# Solving a DE...need help!

• Feb 10th 2010, 12:27 AM
kpizle
Solving a DE...need help!
Hey.

My problem is $y(t)' + (1/y(t)+1) = 0$, where $y(0) =2$.

I am having a hard time getting y(t).

At first glance, this looks like a homogenous ODE...but using the form $y'(t) + p(t)y(t)=0$, what would $p(t)$ be?

After hitting that dead end, I decided to try moving the $(1/y(t)+1)$ to the right side and doing
$y'(t) = -(1/y(t)+1)$ then
$dy/dt = -(1/y(t)+1)$ then
$dy = -(1/y(t)+1) dt$ and acting like $-(1/y(t)+1)$ is a constant.

When I try to do this, I end up with $y = (-t/(y(t)+1)) + C$
which leaves me with $y(t)^2 + y(t) = t$...and I get stuck.

Also, I have tried getting $(y(t)+2)/(y(t) + 1)$ on the left side by making the left side one fraction and moving the dt over to the right...after I integrate, I get $ln(|y(t)+1|)+y(t)=C$...and I get stuck.

Am I forgetting some algebra here, or am I completely lost?

Thanks!
• Feb 10th 2010, 12:53 AM
Prove It
Quote:

Originally Posted by kpizle
Hey.

My problem is $y(t)' + (1/y(t)+1) = 0$, where $y(0) =2$.

I am having a hard time getting y(t).

At first glance, this looks like a homogenous ODE...but using the form $y'(t) + p(t)y(t)=0$, what would $p(t)$ be?

After hitting that dead end, I decided to try moving the $(1/y(t)+1)$ to the right side and doing
$y'(t) = -(1/y(t)+1)$ then
$dy/dt = -(1/y(t)+1)$ then
$dy = -(1/y(t)+1) dt$ and acting like $-(1/y(t)+1)$ is a constant.

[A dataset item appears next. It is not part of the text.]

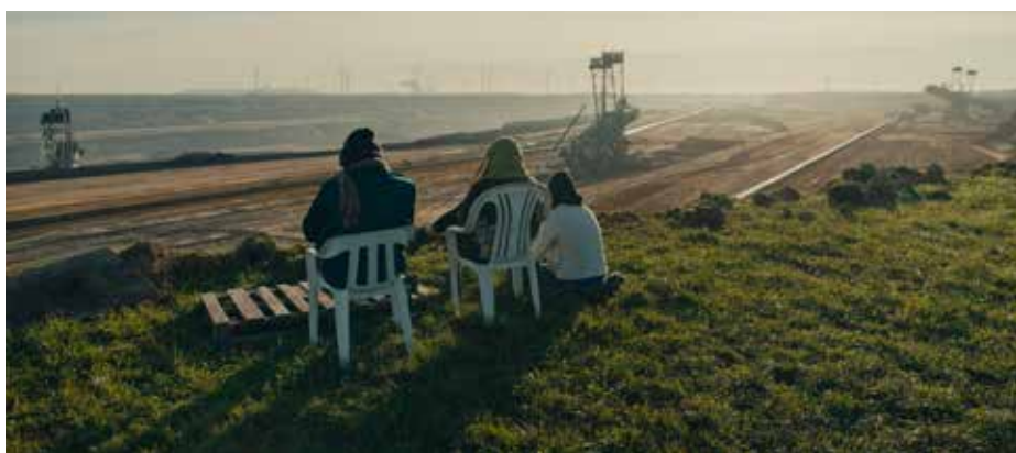
Aus dem Film: Wolken über Luetzerath

Aktuelle Informationen und das komplette Festivalprogramm gibt es online unter www.neissefilmfestival.net .

When I try to do this, I end up with $y = (-t/(y(t)+1)) + C$
which leaves me with $y(t)^2 + y(t) = t$...and I get stuck.

Also, I have tried getting $(y(t)+2)/(y(t) + 1)$ on the left side by making the left side one fraction and moving the dt over to the right...after I integrate, I get $ln(|y(t)+1|)+y(t)=C$...and I get stuck.

Am I forgetting some algebra here, or am I completely lost?

Thanks!

Is the DE

$y'(t) + \frac{1}{y(t) + 1} = 0$

or

$y'(t) + \frac{1}{y(t)} + 1 = 0$?
• Feb 10th 2010, 01:14 AM
kpizle
Quote:

Originally Posted by Prove It
Is the DE

$y'(t) + \frac{1}{y(t) + 1} = 0$

or

$y'(t) + \frac{1}{y(t)} + 1 = 0$?

It's $y'(t) + \frac{1}{y(t) + 1} = 0$

• Feb 10th 2010, 01:20 AM
Prove It
Quote:

Originally Posted by kpizle
It's $y'(t) + \frac{1}{y(t) + 1} = 0$

$y'(t) + \frac{1}{y(t) + 1} = 0$

$\frac{dy}{dt} = -\frac{1}{y + 1}$

$\frac{dt}{dy} = -(y + 1)$

$\frac{dt}{dy} = -y - 1$

$t = \int{-y - 1\,dy}$

$t = -\frac{1}{2}y^2 - y + C$.

You also know $y(0) = 2$...

$0 = -\frac{1}{2}(2)^2 - 2 + C$

$0 = -2 - 2 + C$

$0 = -4 + C$

$C = 4$.

So the solution is

$t = -\frac{1}{2}y^2 - y + 4$

$-2t = y^2 + 2y - 8$

$-2t = y^2 + 2y + 1^2 - 1^2 - 8$

$-2t = (y + 1)^2 - 9$

$9 - 2t = (y + 1)^2$

$y + 1 = \pm \sqrt{9 - 2t}$

$y = -1 \pm \sqrt{9 - 2t}$.
• Feb 10th 2010, 01:26 AM
kpizle
Quote:

Originally Posted by Prove It
$y'(t) + \frac{1}{y(t) + 1} = 0$

$\frac{dy}{dt} = -\frac{1}{y + 1}$

$\frac{dt}{dy} = -(y + 1)$ RIGHT HERE, I MADE A WRONG TURN

$\frac{dt}{dy} = -y - 1$

$t = \int{-y - 1\,dy}$

$t = -\frac{1}{2}y^2 - y + C$.

You also know $y(0) = 2$...

$0 = -\frac{1}{2}(2)^2 - 2 + C$

$0 = -2 - 2 + C$

$0 = -4 + C$

$C = 4$.

So the solution is

$t = -\frac{1}{2}y^2 - y + 4$

$-2t = y^2 + 2y - 8$

$-2t = y^2 + 2y + 1^2 - 1^2 - 8$

$-2t = (y + 1)^2 - 9$

$9 - 2t = (y + 1)^2$

$y + 1 = \pm \sqrt{9 - 2t}$

$y = -1 \pm \sqrt{9 - 2t}$.

Oh my gosh!!

You flipped everything!!!! Of course!

I have been beating this thing for about two hours now and thought I had exhausted all the tricks.

My goodness, that simplies things.

Thank you so very much! I really appreciate it.
• Feb 10th 2010, 01:45 AM
Prove It
Quote:

Originally Posted by kpizle
Oh my gosh!!

You flipped everything!!!! Of course!

I have been beating this thing for about two hours now and thought I had exhausted all the tricks.

My goodness, that simplies things.

Thank you so very much! I really appreciate it.

Yes, I like the flipping method.

Another alternative is to separate the variables.

$\frac{dy}{dt} = -\frac{1}{y + 1}$

$(y + 1)\,\frac{dy}{dt} = -1$

$\int{(y + 1)\,\frac{dy}{dt}\,dt} = \int{-1\,dt}$

$\int{(y + 1)\,dy} = \int{-1\,dt}$.

You should get the same answer.